Ciao Giulietta, francamente non saprei che dirti. Ho l’impressione che i lettori vadano un po’ spinti, perché abbiano voglia di votare e io questo lo faccio mal volentieri. Per questo, il sesto posto allo Scerbanenco e il secondo, pur pari merito, al Liberi di scrivere Award mi hanno molto sorpreso. Nel senso che non mi sarei aspettato né l’uno, né l’altro. Sorpreso piacevolmente, voglio dire. Significa che Più sporco della neve è stato davvero apprezzato dai lettori, quasi a mia insaputa, e questo mi fa piacere perché trovo che sia un romanzo che ha un suo perché e per scrivere il quale mi sono impegnato parecchio.

L’ultima volta che ti ho intervistato era il 2013, ne sono successe di cose da allora. Cosa ti ha più sorpreso?

Sono successe tante cose, ho scritto altri romanzi, ho iniziato una nuova serie, quella di Zara, sono andato molto in giro a presentare i miei libri e ho presentato quelli di altri autori che in linea di massima sono diventati miei amici. Ho conosciuto tanta gente straordinaria. La cosa che mi ha sorpreso di più, mi chiedi? Credo che sia stata la tenacia con la quale i librai italiani fanno il loro mestiere in maniera impeccabile, senza lasciarsi piegare dalle avversità e trovando in continuazione nuovi modi per fare il loro mestiere. E questo nonostante tutto quanto sia contro di loro, i giochi dell’editoria, la gente che non legge e, a volte, anche l’antipatia di certi autori. Penso che per fare il libraio, oggi, ci voglia davvero una grande determinazione.

Parlaci di Più sporco della neve, la tua ultima indagine di Zara Bosdaves edita in Italia con Rizzoli. Ci sarà presto un seguito?

Sono l’ultima persona che dovrebbe dire questa cosa, ma mi sembra che quest’ultimo romanzo di Zara mi sia venuto fuori particolarmente bene. Mi piace la storia, mi sono ritrovato alla perfezione con i personaggi e credo di essere riuscito a mettere insieme una trama che si chiude poco alla volta su un finale inaspettato. Rispetto al romanzo precedente, La donna di troppo, i protagonisti si svelano maggiormente, mostrano le proprie debolezze, la loro vulnerabilità, ma anche una forza d’animo che li aiuta a stringere i denti e ad andare avanti, a conservare ciò che di buono sono riusciti a conquistare. Il terzetto di cattivi, poi, mi ha divertito tantissimo. Disegnare Carmelo Filingeri e i suoi compari è stato un lavoro divertente e che mi ha coinvolto.
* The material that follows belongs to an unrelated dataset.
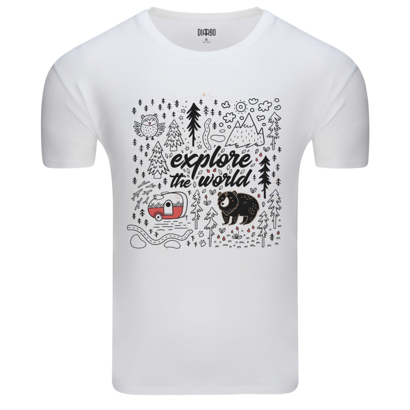 Koszulka „Explore the World” w kolorze kremowym to lekka i radosna zachęta do odkrywania świata oczami podróżnika. Pełna bajkowych ilustracji lasu, sowy, niedźwiedzia, przyczepy kempingowej i gór, oddaje ducha przygody i wolności, jaki niesie ze sobą podróżowanie w naturze. Styl graficzny przypomina rysunki z dziecięcej mapy skarbów – zabawny, urokliwy i pełen optymizmu.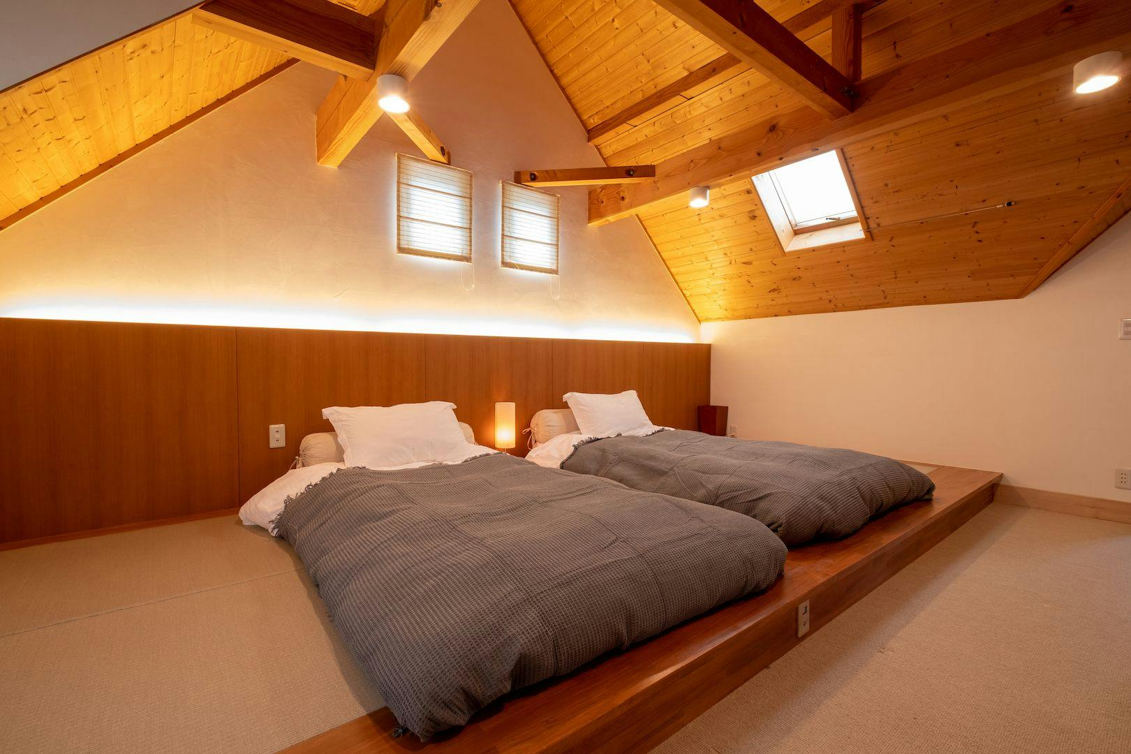 そして就寝時にはふかふかのベッドに仰向けになると、天窓から真っ暗闇の中に見える天の川のような数々の星を眺めることができます。

Ne è venuta fuori una storia interessante, anche per gli argomenti trattati, la crisi che ci colpisce ormai da tempo e l’immigrazione extracomunitaria che in questo momento preoccupa tanto l’Europa. Per ora non ho ancora in mente un seguito. A maggio uscirà la quinta avventura di Mordenti e non vedo l’ora che sia in libreria. Per il resto sto lavorando su due progetti molto diversi che non c’entrano con les italiens e nemmeno con Zara.

Intanto sei arrivato a Parigi, la patria del polar. Un po’ come la “Série noire” di Gallimard, la collana poliziesca di Le Livre de Poche, l’editore con cui pubblichi, è un marchio storico dell’editoria francese e finalmente Les Italiens parla francese. Chi è il tuo traduttore? Hai avuto modo di leggere il tuo libro tradotto? Che effetto ti ha fatto?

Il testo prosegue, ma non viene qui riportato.